TASK DATA:
++++

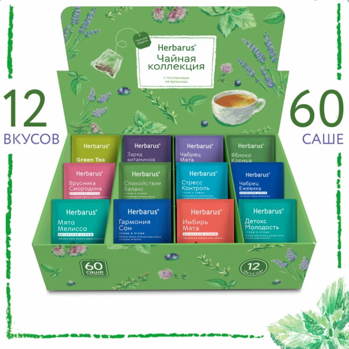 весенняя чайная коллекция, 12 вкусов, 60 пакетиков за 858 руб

++++

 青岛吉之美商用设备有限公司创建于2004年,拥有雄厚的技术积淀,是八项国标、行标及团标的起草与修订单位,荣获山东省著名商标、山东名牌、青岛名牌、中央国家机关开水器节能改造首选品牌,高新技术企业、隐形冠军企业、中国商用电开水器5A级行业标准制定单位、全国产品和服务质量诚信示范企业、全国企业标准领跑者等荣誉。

++++

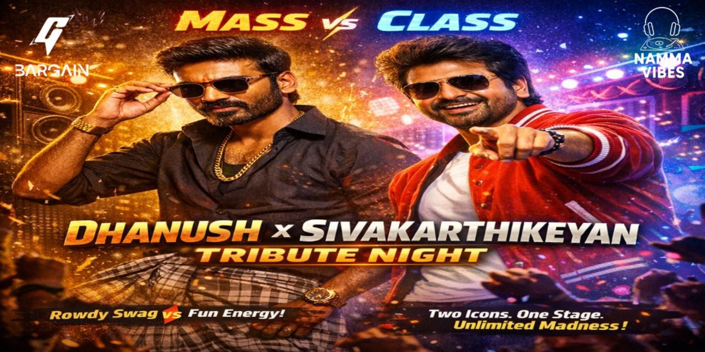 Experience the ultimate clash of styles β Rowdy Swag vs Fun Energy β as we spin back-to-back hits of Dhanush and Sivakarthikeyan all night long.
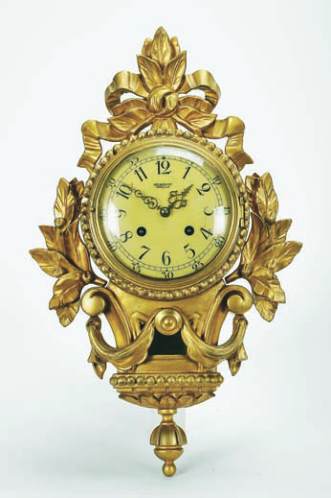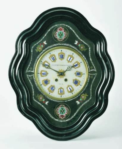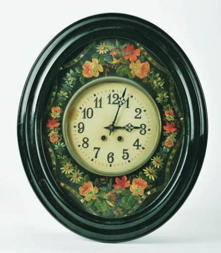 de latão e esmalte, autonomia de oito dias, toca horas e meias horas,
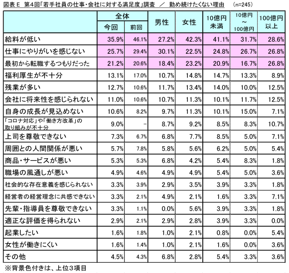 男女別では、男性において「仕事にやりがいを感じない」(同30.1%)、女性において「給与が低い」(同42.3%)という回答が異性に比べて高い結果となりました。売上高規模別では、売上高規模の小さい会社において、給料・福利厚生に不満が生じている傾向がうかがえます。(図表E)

++++

TASK INSTRUCTIONS: Look above for the line with "Experience the ultimate"; quote it and every line after it, stopping after the line with "男女別では、男性において「仕", exactly, with nothing added and without pictures.

WRITTEN RESPONSE:
 Experience the ultimate clash of styles β Rowdy Swag vs Fun Energy β as we spin back-to-back hits of Dhanush and Sivakarthikeyan all night long.
 de latão e esmalte, autonomia de oito dias, toca horas e meias horas,
 男女別では、男性において「仕事にやりがいを感じない」(同30.1%)、女性において「給与が低い」(同42.3%)という回答が異性に比べて高い結果となりました。売上高規模別では、売上高規模の小さい会社において、給料・福利厚生に不満が生じている傾向がうかがえます。(図表E)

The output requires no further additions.